===== Input data

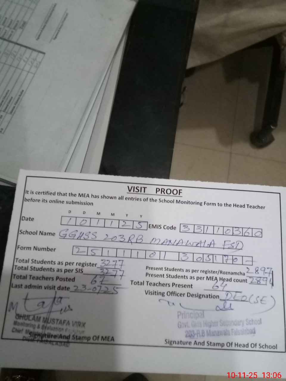 | Certified that this School was Inspected by the Undersigned MEA/DMO Today and the Information Stated Above is as Per Record. | |||||
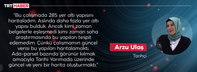“Bu çalışmada 285 yer altı yapısını haritaladım. Aslında daha fazla yer altı yapısı bulduk. Ancak kimi zaman belgelerle eşleşmedi kimi zaman saha araştırmasında bu yapıları tespit edemedim. Çünkü çalışmamın güncel verisi bu yapıları haritalamaktı. Ada-parsel bazında görünür kılmak amacıyla Tarihi Yarımada üzerinde güncel ve yeni bir harita oluşturmaktı.”
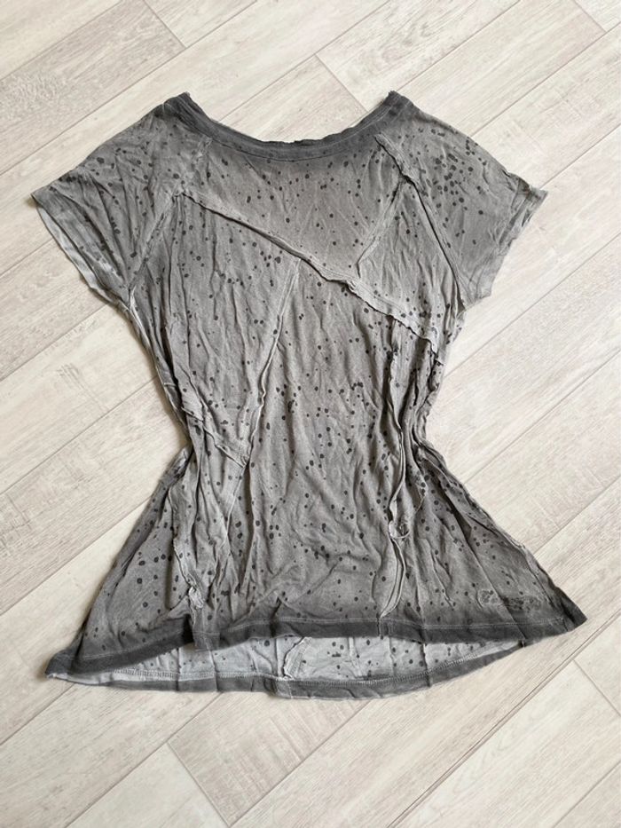 T shirt tacheté gris avec découpes asymétrique - photo numéro 1
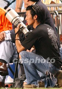 香港明星謝霆鋒,八月八日在香港大球場觀戰(zhàn)西班牙勁旅皇家馬德里對香港聯(lián)隊的比賽,并出動私伙長短炮,充當攝影師拍攝偶像。中新社記者:錢興強

==========

Any picture found in the data is to be skipped while the rest is copied exactly.

## Answer to this task
 | Certified that this School was Inspected by the Undersigned MEA/DMO Today and the Information Stated Above is as Per Record. | |||||
“Bu çalışmada 285 yer altı yapısını haritaladım. Aslında daha fazla yer altı yapısı bulduk. Ancak kimi zaman belgelerle eşleşmedi kimi zaman saha araştırmasında bu yapıları tespit edemedim. Çünkü çalışmamın güncel verisi bu yapıları haritalamaktı. Ada-parsel bazında görünür kılmak amacıyla Tarihi Yarımada üzerinde güncel ve yeni bir harita oluşturmaktı.”
 T shirt tacheté gris avec découpes asymétrique - photo numéro 1
 香港明星謝霆鋒,八月八日在香港大球場觀戰(zhàn)西班牙勁旅皇家馬德里對香港聯(lián)隊的比賽,并出動私伙長短炮,充當攝影師拍攝偶像。中新社記者:錢興強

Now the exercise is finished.